• **DATA PROVIDED**:
BEGIN

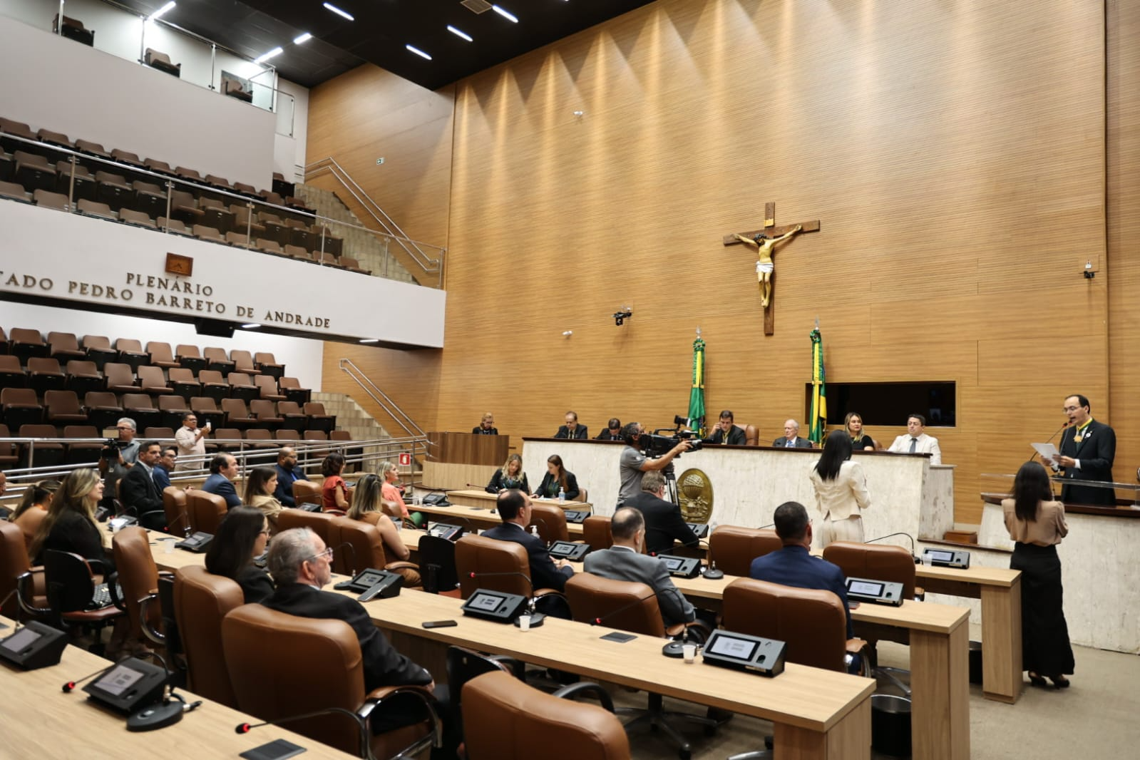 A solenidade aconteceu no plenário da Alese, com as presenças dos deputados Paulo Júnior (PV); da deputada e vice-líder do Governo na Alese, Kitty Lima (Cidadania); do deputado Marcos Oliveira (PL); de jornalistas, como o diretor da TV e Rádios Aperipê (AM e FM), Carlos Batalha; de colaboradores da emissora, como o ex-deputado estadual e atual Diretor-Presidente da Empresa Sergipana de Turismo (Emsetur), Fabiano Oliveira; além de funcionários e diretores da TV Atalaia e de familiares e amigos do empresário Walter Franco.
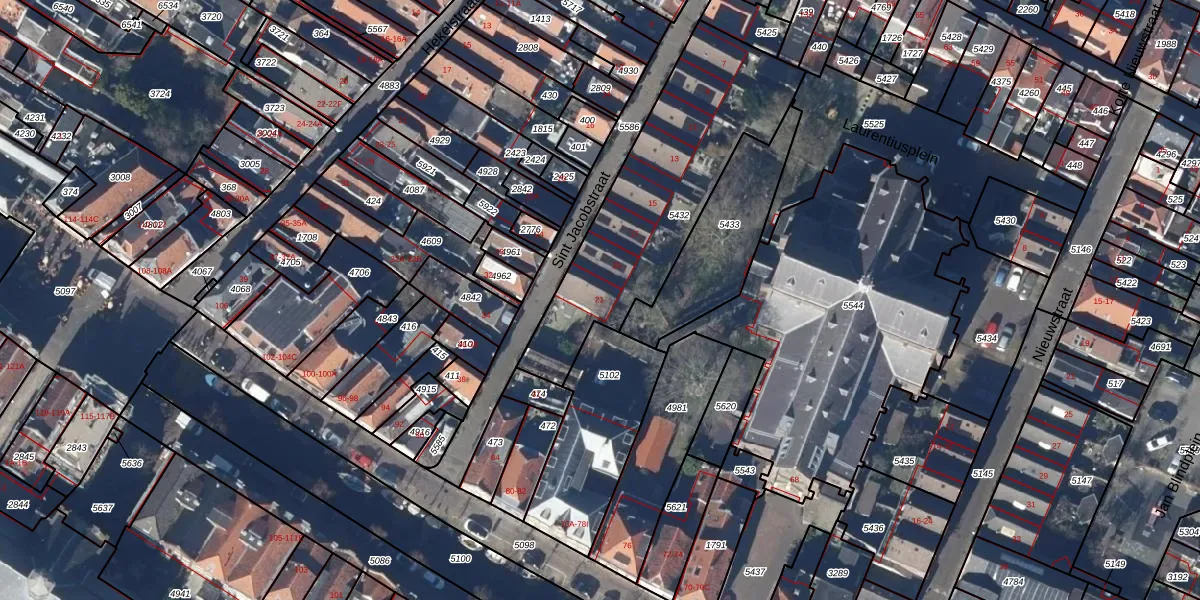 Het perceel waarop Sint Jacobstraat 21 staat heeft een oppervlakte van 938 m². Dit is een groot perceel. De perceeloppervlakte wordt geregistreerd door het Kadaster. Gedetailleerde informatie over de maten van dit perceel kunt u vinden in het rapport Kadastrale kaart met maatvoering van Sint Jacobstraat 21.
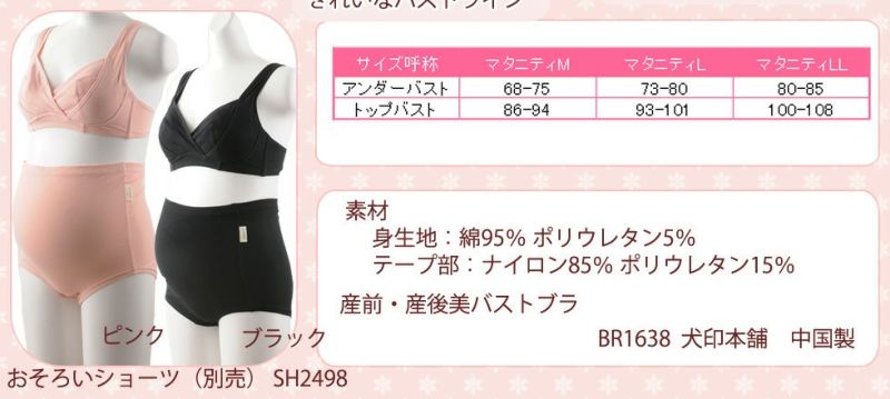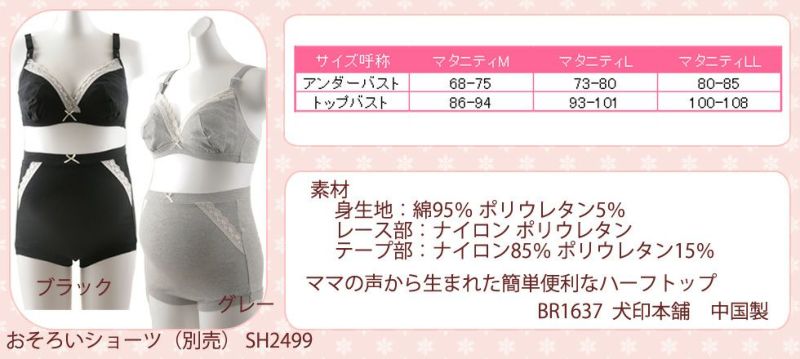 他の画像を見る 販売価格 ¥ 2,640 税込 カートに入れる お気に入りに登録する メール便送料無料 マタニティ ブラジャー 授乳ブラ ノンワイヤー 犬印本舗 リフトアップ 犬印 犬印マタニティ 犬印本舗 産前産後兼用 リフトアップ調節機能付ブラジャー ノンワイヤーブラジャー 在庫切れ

END

• **TASK REQUIREMENTS**:
Pictures must be left out. Repeat exactly the lines from the one containing "Het perceel waarop" through the final line of the data.

• **WRITTEN SOLUTION**:
 Het perceel waarop Sint Jacobstraat 21 staat heeft een oppervlakte van 938 m². Dit is een groot perceel. De perceeloppervlakte wordt geregistreerd door het Kadaster. Gedetailleerde informatie over de maten van dit perceel kunt u vinden in het rapport Kadastrale kaart met maatvoering van Sint Jacobstraat 21.
 他の画像を見る 販売価格 ¥ 2,640 税込 カートに入れる お気に入りに登録する メール便送料無料 マタニティ ブラジャー 授乳ブラ ノンワイヤー 犬印本舗 リフトアップ 犬印 犬印マタニティ 犬印本舗 産前産後兼用 リフトアップ調節機能付ブラジャー ノンワイヤーブラジャー 在庫切れ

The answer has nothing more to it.